Merging of FSPM servers including whitelist of device policies

Scholar

Merging of FSPM servers including whitelist of device policies

Can I merge database of 3 FSPM server into once, 3 servers were catering for different sets of clients. And each having many clients which are whitelisted to use HDD. If I make all clients to report into one server, how can I import the same setting from different servers to single?

6 REPLIES 6
Moderator

Re: Merging of FSPM servers including whitelist of device policies

Hi sonu

 

I will need to check with the product team and get back to you.

 

Are you using v13 or v14 clients, or mix of both ?

Superuser

Re: Merging of FSPM servers including whitelist of device policies

What exactly did you do?
Whitelist internal HDDs each to the host's node?
What is that good for?

I am trying to understand the concept. Maybe there is a way simpler solution to your problem.

Matthias
----------
perComp is a Platinum Partner of F-Secure since 1994. Any advice or help given by me in this forum is voluntarily and to my best knowledge based on working with the products since 1997. Direct contact for customers please check our homepage http://www.percomp.de

F-Secure

Re: Merging of FSPM servers including whitelist of device policies

Hi Sonu,

 

Starting from PM 14.10, policy settings can be exported to a file and then imported into another Policy Manager instance. So, you can replicate policies from 3 PM instances to the single one and move all hosts there.

If all PMs are using same admin pub/prv key pair, host migration would be easy: just specify new PM address in all PMs (including target one) and that’s it. In case you use unique key pairs, key replacer should be used for migration.

 

Regards,

Alex

 

Superuser

Re: Merging of FSPM servers including whitelist of device policies

While exporting the settings for one host does include the device blocked, exporting a subdomain does not include individual settings for the hosts belonging to that subdomain.
Thus the effort to newly add the HDDs on the new sever would be equal to export/import the setting for each individual host.

I am still not sure if  @_sonu  really means "block all local HDDs except one"

Matthias
----------
perComp is a Platinum Partner of F-Secure since 1994. Any advice or help given by me in this forum is voluntarily and to my best knowledge based on working with the products since 1997. Direct contact for customers please check our homepage http://www.percomp.de

Scholar

Re: Merging of FSPM servers including whitelist of device policies

Thanks for all replies.

I would like to explain my whole scenario.

I have around 40k clients and 04 FSPM servers for each 10k clients. In each server, there are around 1000 clients which have been allowed to use HDD, scanners or some other external devices. But for each clientes there is different HDD and scanner as these clients are at separate geo locations.

Now we plan to merge all 04 FSPM into One with enhanced server configuration, I expect 16gb RAM and 12 core cpu for all 40k clients.

 

So I require a solution which can migrate all 04fspm  to a new or 03 to one existing with all policies whether it is applied to root, a whole policy domain or on individual client.

 

Is it possible? 

 

Thanks in advance.

 

Superuser

Re: Merging of FSPM servers including whitelist of device policies

Hi,
this is what I expected. You are talking about some 4000 external HDDs (possible some large USB-Sticks as well?!) and each may only serve one (or two) hosts.

 

What threat are you fearing? You allow one external drive to connect to one controlled host, but you can not disallow this drive to connect to a foreign (external, private, unmanaged) host. What is the idea of that extenal HDD (or did you mean USB-Sticks)

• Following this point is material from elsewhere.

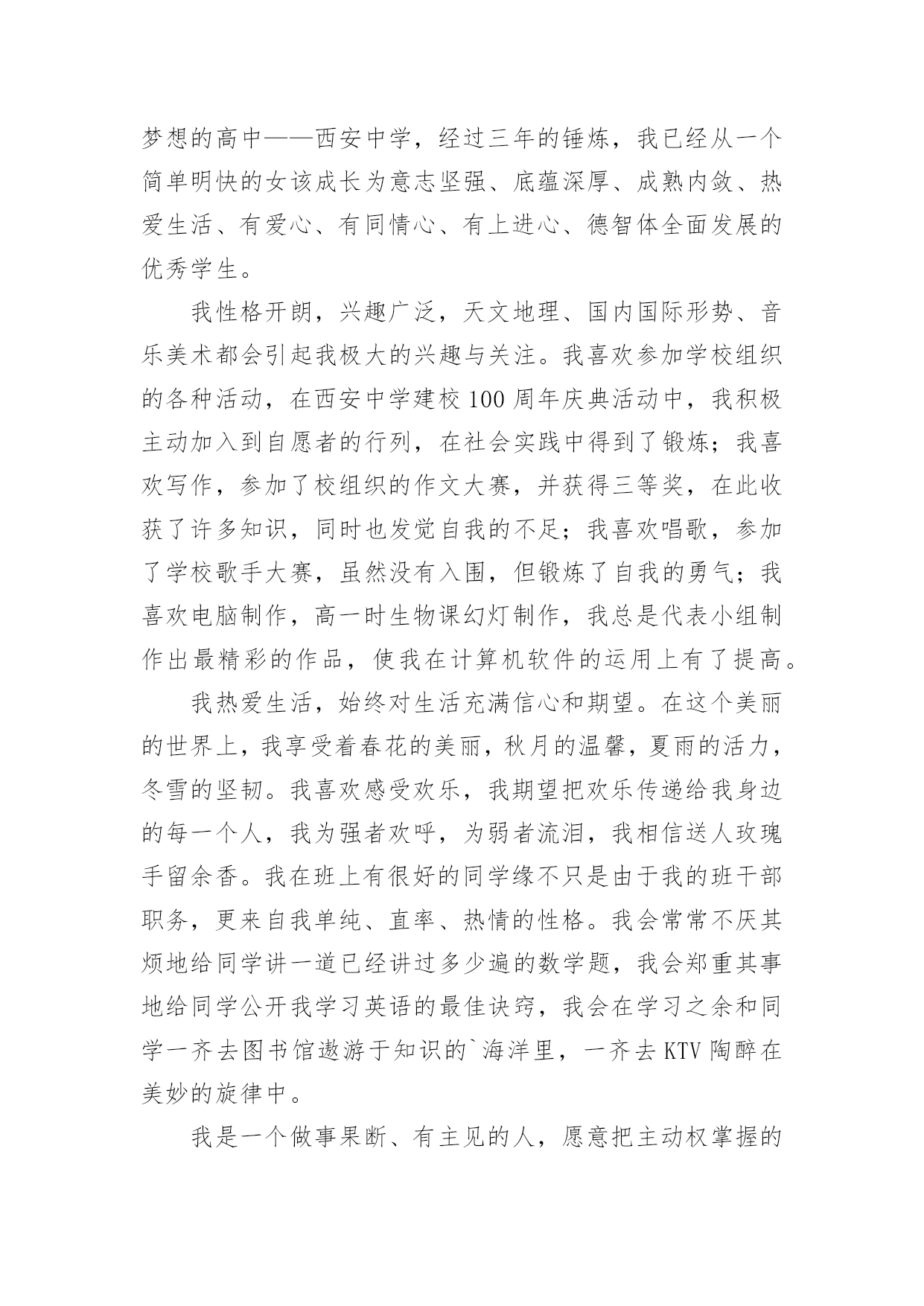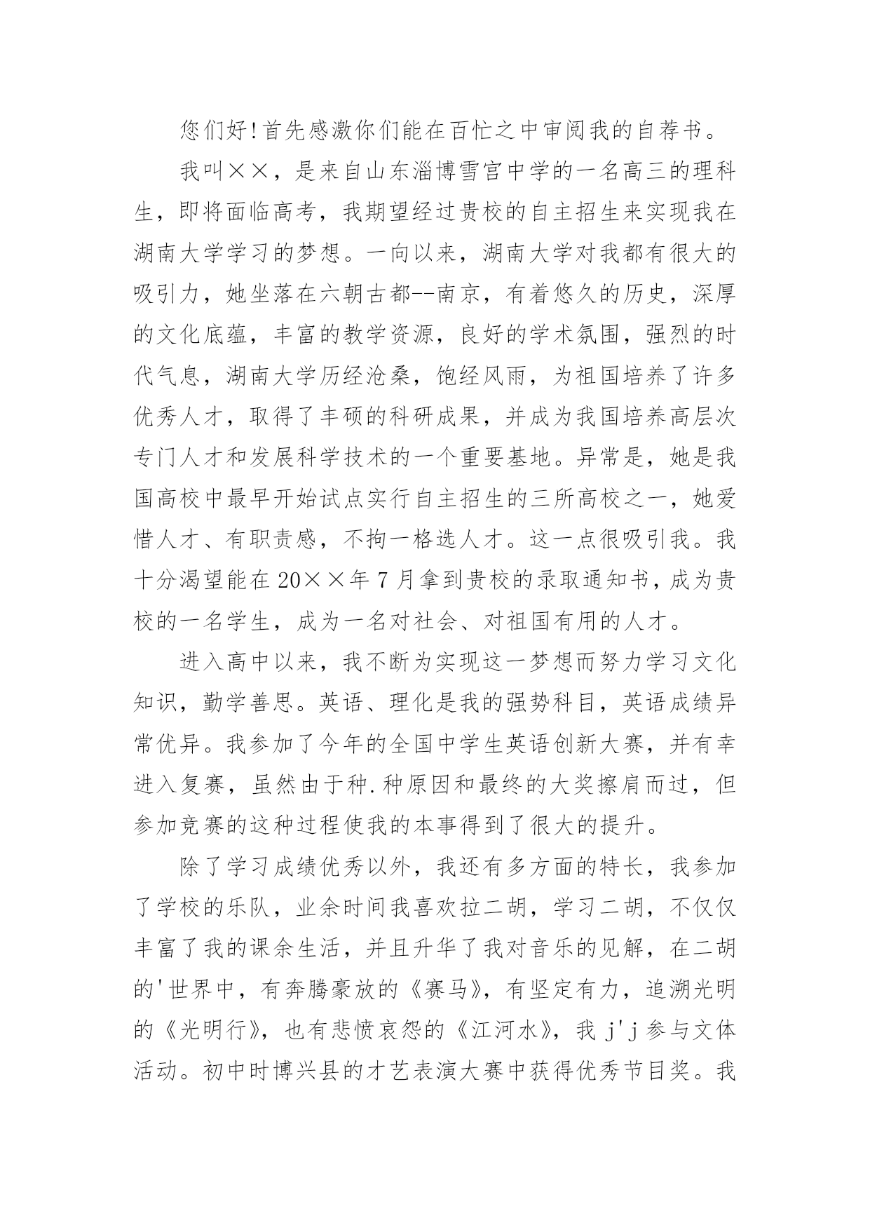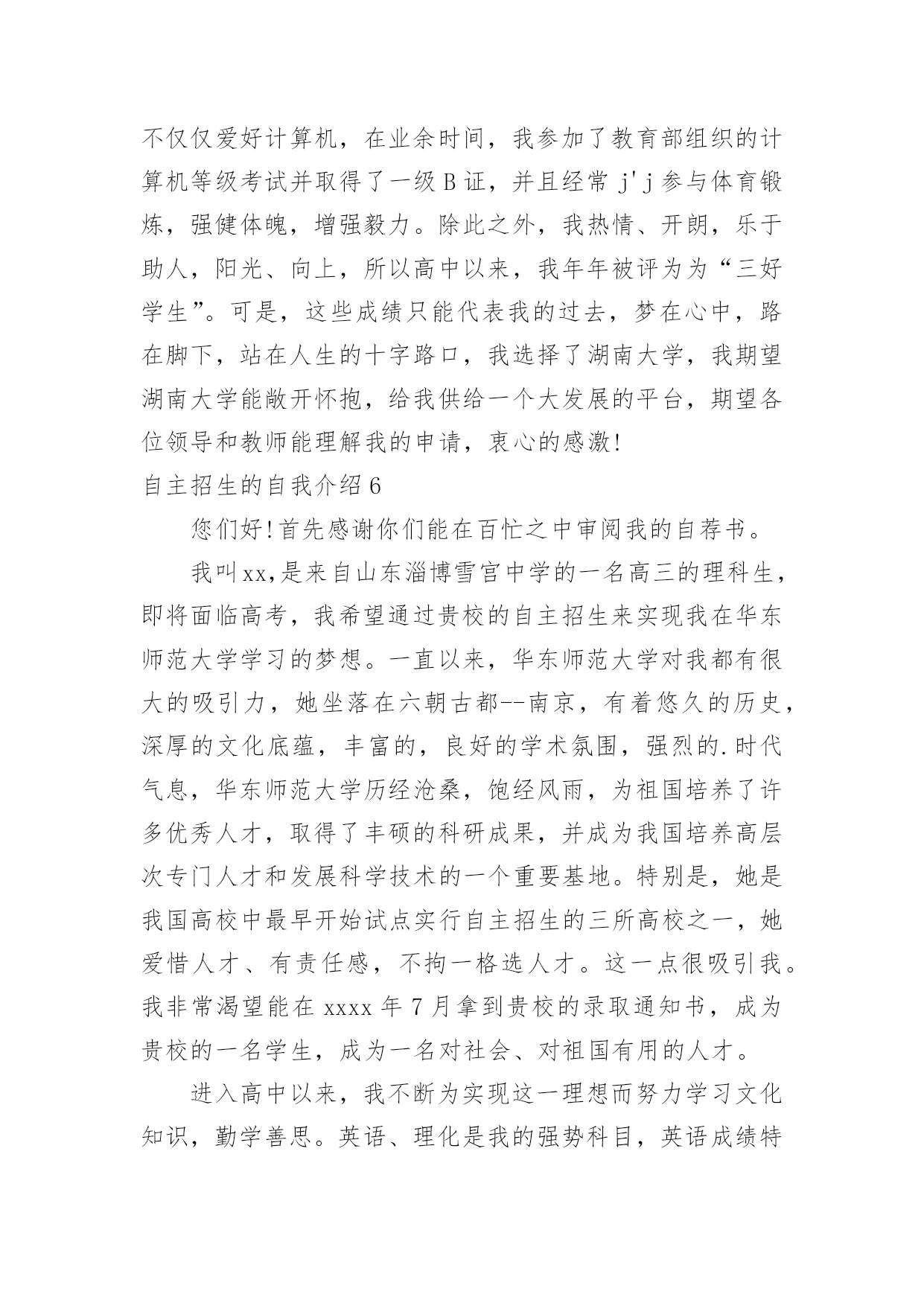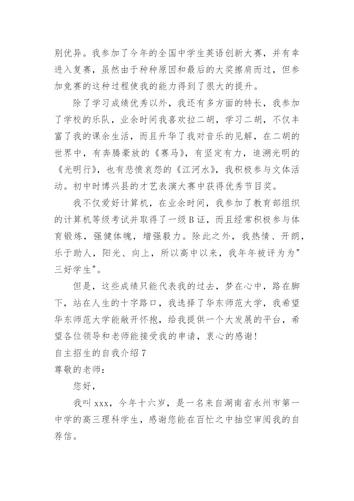 自主招生的自我介绍自主招生的自我介绍当来到一个陌生环境中,进行自我介绍是必不可少的,通过自我介绍可以让他人了解我们。那么自我介绍应该包括什么内容呢?以下是小编帮大家整理的自主招生的自我介绍,欢迎大家分享。自主招生的自我介绍1尊敬的华中科技大学自主招生领导:您好!我是西安中学高三学生xxx。我期望经过贵校的自主招生来实现我在华中科技大学学习的梦想,感激您在百忙中抽出时间审阅我的申请材料。一向以来,华中科技大学对我都有很大的吸引力,她有着悠久的历史,深厚的文化底蕴,丰富的教学资源,良好的学术氛围,强烈的时代气息,为社会培养出许多杰出人才,是国家教育部直属的“211”工程和“985”工程重点建设大学,有许多专业在国内都名列前茅。近年我校许多优秀学生都不约而同的选择贵校为第一志愿,我也十分渴望能在明年7月拿到贵校的录取通知书,成为贵校的一名学生,成为一名对社会、对祖国有用的人才。从小学习成绩一向领先的我,凭借自我的努力考入自我梦想的高中——西安中学,经过三年的锤炼,我已经从一个简单明快的女该成长为意志坚强、底蕴深厚、成熟内敛、热爱生活、有爱心、有同情心、有上进心、德智体全面发展的优秀学生。我性格开朗,兴趣广泛,天文地理、国内国际形势、音乐美术都会引起我极大的兴趣与关注。我喜欢参加学校组织的各种活动,在西安中学建校100周年庆典活动中,我积极主动加入到自愿者的行列,在社会实践中得到了锻炼;我喜欢写作,参加了校组织的作文大赛,并获得三等奖,在此收获了许多知识,同时也发觉自我的不足;我喜欢唱歌,参加了学校歌手大赛,虽然没有入围,但锻炼了自我的勇气;我喜欢电脑制作,高一时生物课幻灯制作,我总是代表小组制作出最精彩的作品,使我在计算机软件的运用上有了提高。我热爱生活,始终对生活充满信心和期望。在这个美丽的世界上,我享受着春花的美丽,秋月的温馨,夏雨的活力,冬雪的坚韧。我喜欢感受欢乐,我期望把欢乐传递给我身边的每一个人,我为强者欢呼,为弱者流泪,我相信送人玫瑰手留余香。我在班上有很好的同学缘不只是由于我的班干部职务,更来自我单纯、直率、热情的性格。我会常常不厌其烦地给同学讲一道已经讲过多少遍的数学题,我会郑重其事地给同学公开我学习英语的最佳诀窍,我会在学习之余和同学一齐去图书馆遨游于知识的`海洋里,一齐去KTV陶醉在美妙的旋律中。我是一个做事果断、有主见的人,愿意把主动权掌握的自我的手里,我喜欢积极主动地学习,那种简便没有压力的学习环境更容易到达事半功倍的效果,我玩的时候会尽情的忘乎所以,但我在学习的时候会全身心地投入进去。一旦应对着困难,便会很本能地把全部潜力发挥出来。我常常用更少的时间就能学会别人在标准的学习时间内才能获取的知识,我总是花费别人的一部分时间而完成和别人同样的作业任务。在高中历次的期中期末考试中,我的成绩大多领先,在最近的一次考试中,我取得了全年级第六名的好成绩。这些都源自我科学的学习方法和良好的学习习惯。作为班上的学习委员,我工作认真负责,被评为西安中学优秀班干部,并获得西安市未央区区级三好学生的荣誉。华中科技大学,是我梦寐以求的大学殿堂,假如我这次有幸上华中科技大学,我将计划我在华中科技大学的努力方向,华中科技大学有法学、哲学、历史学、文学等六个人文学科,我期望我能在其中之一汲取知识,不仅仅是知识,更有献身祖国,为民族复兴贡献一份力量的情操。在学术活跃的华中科技大学,我将努力参加一些团体、论坛和各种活动,弥补我以前的不足,锻炼我的本事,把自我磨砺成一个华中科技大学学生所具备的独特文化品位、非凡才能和良好综合素质的优秀人才。恳请贵校领导能够理解我的申请,实现我的梦想。自主招生的自我介绍2Hello!Dearteachers.Mynameis'smypleasuretojoinyourfacetofacetest,ofcourseitwillbemygreathonortobeastudentofyouuniversity.I'm18yarsicularlyfondoftourismmanagement,I'msoeagertogettheadmissionofyourforhobby,I'mcrazyaboutmusicaswellasmakingfriends,therefore,I'moutgoingandalwaysbeyouarewillingto,wecanexchangephonenumberandbesincerelytfromthem,IamgoodathistoryandChinese.IamsointerestedinliteraryworksabouthistorythatIcan'tevenbreathewithoutreadinghistorybooksoneweek.AndIhopewecanp

F-Secure Device Control is not ready to serve that amount of individual configurations. While on the Host nothing more is needed, the PMSs UI for that module is "rudimentary" only. You should rather think about a more common, less complex setup like a subdomain of systems to use external media". Yes, these would be allowed to swap the drives, but why not (see above, what is the idea)?

Apart for the sheer amount Windows has changed the way external drives are identified from "USB\Class_08" to "USBSTOR\GenDisk". This might urge you to start from scratch anyway, but may depend on the exact way how you identified the drives.

Apart from that you want to manage 40.000 Hosts on one PMS?

IMHO PMS is currently hardly ready to serve that. E.g. each client has a life connection to the PMS, which means you will need 40.000 sockets plus those for updates and PMS internal connections. The limit of 64k sockets will cause trouble!

Thus I have to warn you about to proceed without an F-Secure Engineer at your side. R&D will also be happy to learn about the results.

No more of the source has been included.